Part I: NLP in Economics – Touching Base With the Basics

Part I: NLP in Economics – Touching Base With the Basics

By?Sam van de Schootbrugge

Summary

  • A new CEPR working paper, co-authored by UCL Professor Stephen Hansen provides an overview of the methods used for algorithmic text analysis in economics.
  • The paper covers the fundamentals, explaining how semantic meaning embedded in words can be captured by algorithms like BERT and GPT. We cover this in Part I.
  • In Part II, we will summarise how such data representations of text can be used to solve four common economic problems, and the challenges faced in doing so.

Introduction

The rapid development in Natural Language Processing (NLP) has fostered a diverse methodological frontier. While exciting, especially given the emergence of a new generation of deep neural network models known as Transformers, there remains little guidance for researchers on how best to deploy these new techniques.

This lack of structure means there is no common framework or even vocabulary for analysing text. In an attempt to bridge the gap,?a new?CEPR working paper?provides a conceptual overview of the methods that now form the basic building blocks of algorithmic text analysis in economics.

The Building Blocks of Text Analysis

Textual analysis begins with a ‘document’. These could be easily machine-readable texts (e.g., Word files or PDFs), but could also be in more challenging formats, such as in markup language (e.g., HTML or XML), or in scanned image files (e.g., PDFs of historical books). To extract these texts in Python, researchers typically use the following software packages:

  • Beautiful Soup (HTML/XML parsing).
  • Layout Parser (optical character recognition).

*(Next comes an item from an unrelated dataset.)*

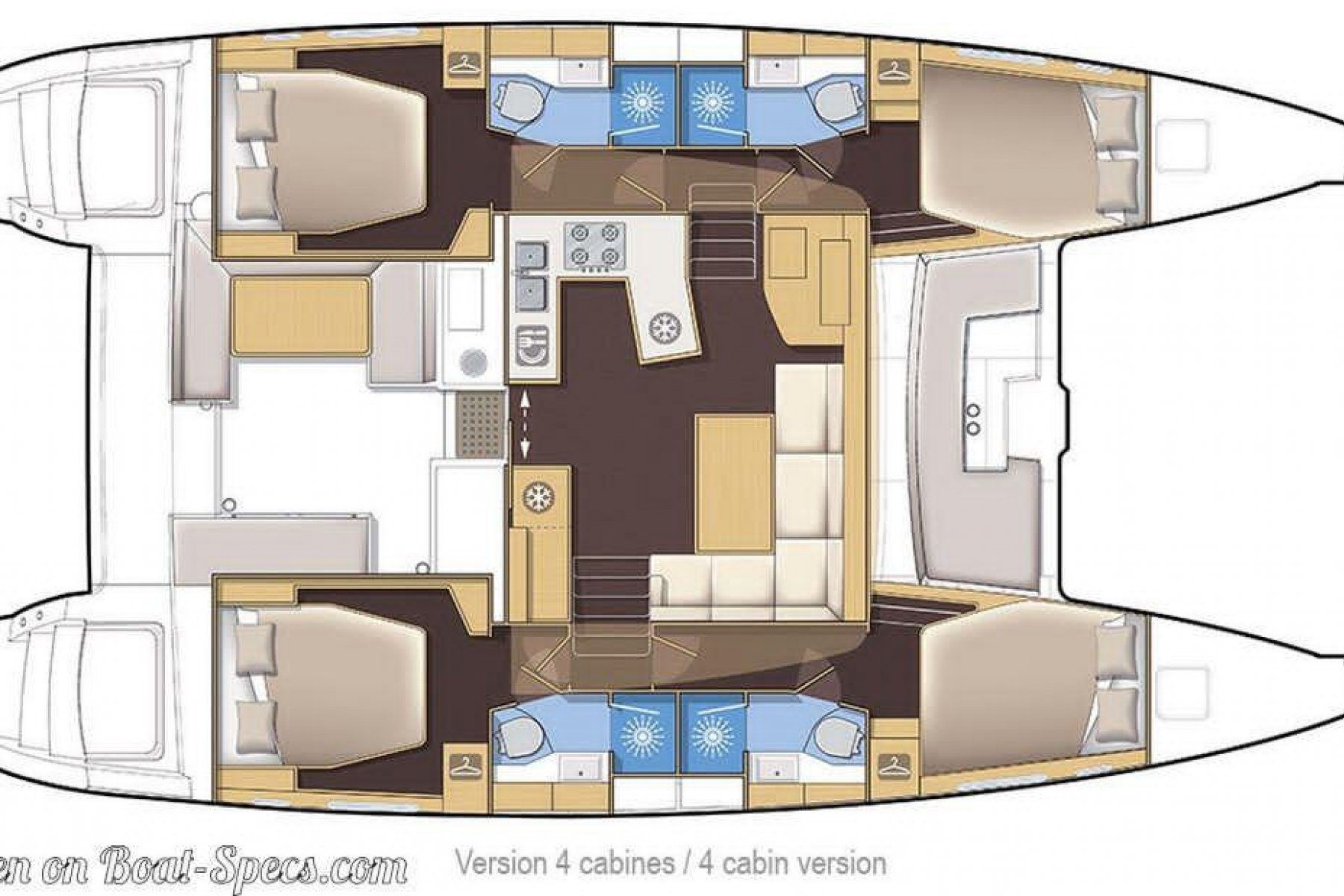 4 klimalı Kamarası ile bu kiralık lüks katamaran Laguna450f serisi olup 2019 yılında inşa edilmiştir. oldukça geniş ve ferah iç ve dış ortak alanlara sahiptir. her kamarasında duş ve banyo bulunan bu 8 kişilik katamaranımızla mavi yolculuğuk keyfini en üst düzeyde yaşayabilirsiniz.

Once extracted and organised, raw documents are then converted into sequences of linguistic features by (i) splitting sentences on whitespace/punctuation (tokenising); (ii) dropping non-letter characters; (iii) dropping common stop words, like ‘the’/’to’/’is’; (iv) adjusting letters to lowercase, and (v)?stemming?words to remove suffices (the Porter stemmer is a common default).

In economics, this standard pre-processing approach represents documents as lists of words, typically reduced to some root form. One such representation is the?bag-of-wordsmodel, where each unique vocabulary term is assigned an index value from 1 through to V. Each term can then be counted by document and stored in a?document-term matrix.

This matrix stores the counts of each vocabulary term by document, where each column in the matrix represents term counts, and each row represents a document (Example 1). For example, ‘growth’ may show up 100 times in document 1, and zero times in document 20. Meanwhile, ‘recession’ does not show up in document 1, but has a high frequency in document 20.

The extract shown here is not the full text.